A smart investor is far more interested in the solution you'll come up
with, rather than what technology you will use in the process.
Try to describe the solution in one paragraph.
- 3. What is the size of your market niche, and how is it growing?
Investors want an honest appraisal of the current size of the market you
are targeting, and how it will change in the future. This is all
about your informed opinion, and, while you should have the statistics to
back up your predictions, it's your business sense in terms of understanding the markets that will impress an investor and provide credibility for your business.
Mario also stressed the importance of "similarity selling," or finding
comparable companies or business models. This will help
you pass the "reasonableness test" with all of your partners and make it easier for you to demonstrate that yours is a
reasonable business model.
Information about most business sectors is available from security analysts, most of whom can be reached through an investment banker at no cost, and from industry analysts for a fee. Mario encouraged the netpreneurs to use such research.
- 4. What is your economic model? How are you going to make a profit and when?
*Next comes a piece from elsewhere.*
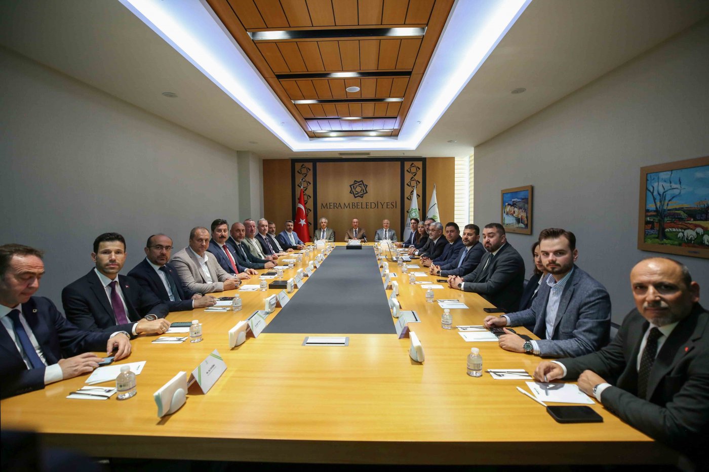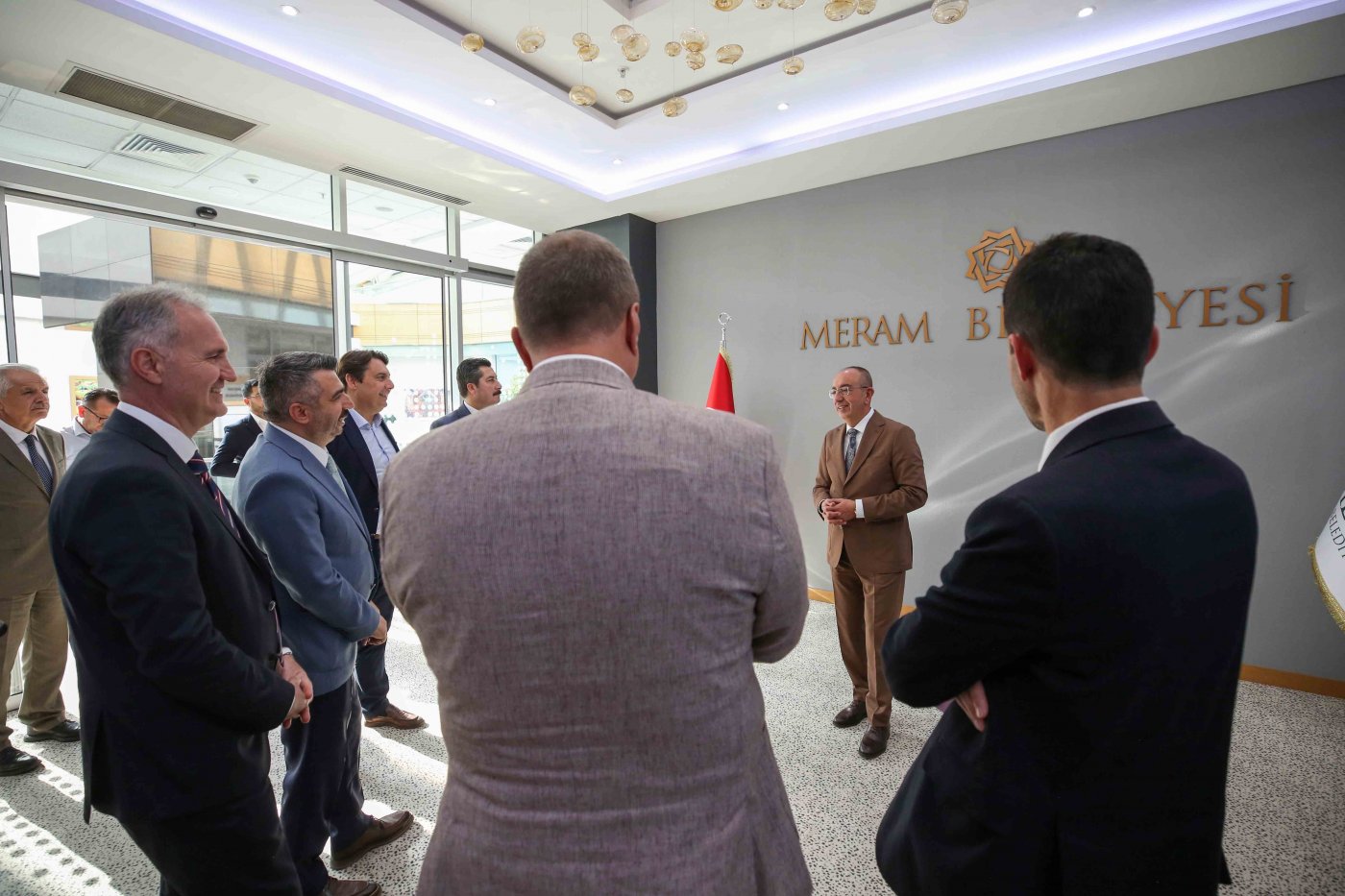Meram Belediye Başkanı Mustafa Kavuş, AK Parti Bursa İl Başkanı Davut Gürkan ve Bursa’nın on bir ilçe belediye başkanını ağırladı. Başkan Kavuş, tecrübe paylaşımı için şehre gelen Bursa heyetine, Meram’ın şehirleşme vizyonunu ve kentsel dönüşümde yakaladığı başarı hikayesini anlattı. Kavuş ayrıca son yıllarda gerçekleştirilen yatırımlar özellikle de kentsel dönüşüm projeleri ve belediye öncülüğünde hayata geçirilen kooperatif çalışmaları hakkında heyete bilgi verdi.

A sure way to kill a good business idea, Mario said, is to come up with a
bad model for pricing and profit. Your pricing model in terms of the price (i.e. is it within a reasonable range?) and model (i.e. is the pricing structure being used by other firms?) should already be familiar to and accepted by your customers.
Mario said that too few netpreneurs factor in price erosion when talking
about their profit strategy or income projections. Most markets see prices decrease as
competition sets in. It's important to look honestly at your
product and factor in price erosion if it's warranted.
Mario targeted transaction-based fees as one of the more risky pricing models in technology businesses. While they may work in selected cases, there is a natural
tendency to free yourself from the transaction fee. When your customer's or partner's business takes off and transaction volumes grow, a transaction-based price looks untenably expensive,
giving your partner or customer a strong incentive to get rid of you.
- 5. How are you going to reach (sell to) the market you're targeting?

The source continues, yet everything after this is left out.